How to complete this task: With any pictures left out, restate word for word the lines in the listing below from the one holding "Awareness Stall &" through the last.

= Beginning of Section =

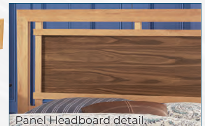
Panel Headboard detail.
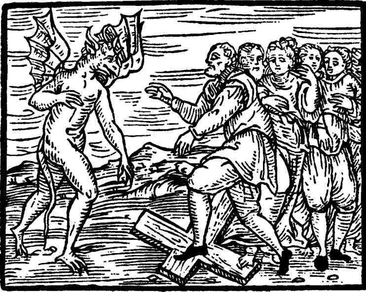
4 Male and female witches; male witch stepping on a cross as a sign of renouncing Christ.

accusing them of witchcraft as well. The details of his confession conform closely to the ‘elaborated concept of witchcraft’, as Wolfgang Behringer has described it, that quasi-literary confabulation of satanic, pagan and folk practice with utterly imaginary but quite ancient slanders that had first coalesced in the Malleus maleficarum of 1487, but did not reach its fully formed state until the sixteenth century. It is important to note that Junius confessed to having renounced God in Heaven and all the heavenly host by the formula ‘I renounce God in Heaven and his host, and will henceforth recognise the Devil as my God’ (see figures 4 and 5). 32 Given the insistence with which Junius had, under torture, denied renouncing God, we can conclude that he had been questioned closely and repeatedly about this item. The presence in the confession not only of a description of the act, but also of the precise formula used, points to a carefully shaped and guided
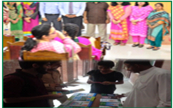
Awareness Stall & Participation in Seminar at GCU Lahore – 16th June
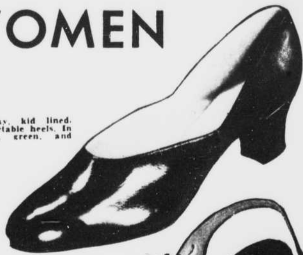
Kid D'Orsay, kid lined, with comfortable heels. In red, black, green, and blue.

= End of Section =

Exercise solution:
Awareness Stall & Participation in Seminar at GCU Lahore – 16th June
Kid D'Orsay, kid lined, with comfortable heels. In red, black, green, and blue.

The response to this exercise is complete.